The story follows Mr Goodchild and Mr Idle’s adventures and this piece finds them in a very old and creepy house. On entering the house they are disturbed to see a group of six silent old men wandering up the staircase who appear to be unknown to the house’s other inhabitants. Even more strangely, the door to their sitting room keeps opening and closing at regular intervals; very disturbing to a peaceful evening by the fire!
The story of the Bride’s Chamber itself is told to Mr Goodchild by one of these old men who appears when the bell tolls one. The bell summoning a key figure in the story particularly made me smile when I was writing this up yesterday as I had also just listened to The Bell by Frederick Cowles, as part of the Hallowed Histories podcast’s series of ghost stories for the season, which features a similar summoning from the eponymous bell.
The old man proceeds to tell the story of the Bride and her haunted chamber. The Bride, Ellen, an orphan of simple wants and habits, is kept by her Guardian and future husband in a isolated and gloomy house. The descriptions of her seclusion give the piece a fairy tale feel which reminded me very much of Rapunzel and the lady currently being kept prisoner by the skull in my reading of The Palm-Wine Drinkard.
The story is also very unique however and as the tale unfolds, the themes of guilt and regret often utilised in ghost stories actually culminate in an individual way with a wonderful feeling of sinister dread. This is one which is perfect for fans of Wilkie Collins’ The Woman in White, and is a much faster read to cosy up with as the cold dark nights draw in.
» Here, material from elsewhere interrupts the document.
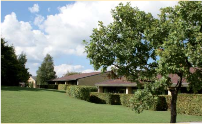
Vigersted skole har undervisning på 0-9 klassetrin.

The Ghost in the Bride’s Chamber is a strong example of Dickens’ supernatural fiction and shows that he deserves to be as recognised in the genre as much as he is in realist fiction. His most famous ghost story has of course been regularly dismissed as Scrooge’s guilt-ridden hallucinatory dream, with nothing at all supernatural about it, though I like to think that the undigested bit of beef was definitely Marley’s rattling chains and his cold and draughty Victorian house was just as much haunted as the wretched Bride’s chamber.